No hay que negar la muerte, todo lo contrario, creo que hay que vivirla en todo lo que tiene de desgarro, de interrupción, de ausencia. Pero si la objetivamos en la desnudez de un desastre, negamos en realidad la vida. Lo que continúa, lo que está, los que se quedan. Dejemos que se desarrolle de nuevo y lentamente le dur désir de durer, como decía Paul Elouard.

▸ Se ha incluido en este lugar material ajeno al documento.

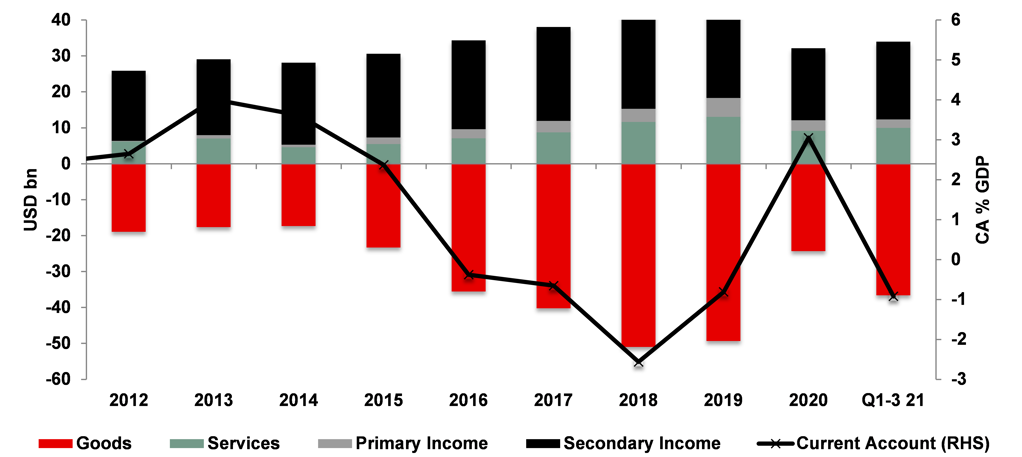 The Philippines’ real GDP growth rose by 5.6% in 2021, higher than Bloomberg consensus at 5.1% and 2020’s -9.6% slump. Stronger private consumption has been the key driver of this recovery and is likely to remain so this year. The current Omicron variant surge and decline in retail mobility pose downside risks to growth in the near term, but we think the impact is likely to be temporary with the rate of infections likely to have peaked. Even with a stronger-than-expected real GDP growth rate in Q4, we think it will be premature for the BSP the hike in 1H22 as the economy is still below pre-pandemic levels and a negative output gap persists. We still have the BSP starting policy tightening in 2H22 as our base case scenario but acknowledge risks of an earlier start should policy tightening by the Fed be more aggressive than anticipated. A consumption-led economic recovery is expected to result in larger trade and current account deficits this year. This, alongside near term USD strength, is expected to keep the PHP under pressure this year. The 52.00 mark is now a key level to watch for USD/PHP.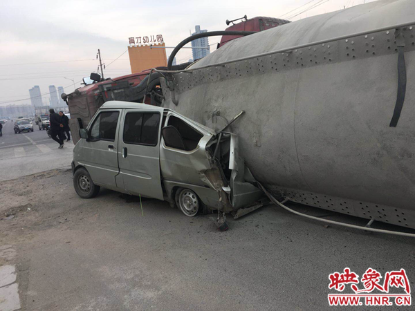 22日上午9時30分左右,江山路與新苑路交叉口東北角,車牌號為豫EX115掛的槽罐車仍然壓在車牌號豫AA817Y的面包車上。槽罐車上裝有40多噸散裝水泥,另一輛趕來救援的槽罐車正在將事故車內(nèi)的水泥轉(zhuǎn)移出來。救援的槽罐車司機(jī)說,事故發(fā)生時,槽罐車沿江山路由南向北行駛,走到與新苑路交叉口時,面包車沿江山路由北向東左拐。事故路口沒有紅綠燈,大車司機(jī)看到面包車后,立即向右打方向,躲避面包車。由于離心力作用,大車向左側(cè)翻,壓在面包車上,將面包車四分之三壓扁,僅剩駕駛室位置。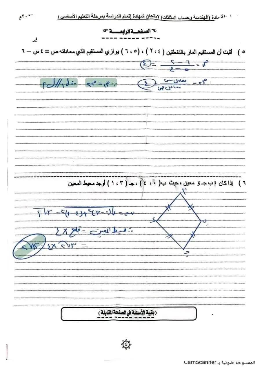 - إجابات امتحان الهندسة للصف الثالث الإعدادي

De otro modo, la vida y la muerte pueden perder su antigua trascendencia y convertirse en algo tan abusivamente monótono como las imágenes que ven todos los días millones de americanos USA, imágenes de muerte y desolación mezcladas con copos de avena en batidoras de tres velocidades. Por suerte, nuestra cuna sigue siendo Atenas y el Mediterráneo.
Dejemos que los vivos lloren a sus muertos como les plazca; que ellos elijan su ritual. Quizá algunos de ellos necesitan de silencio y paz para creer que la muerte es mentira, que en algún lugar perdido del Universo se vuelve a nacer. Y esto ya no incumbe a los medios de comunicación.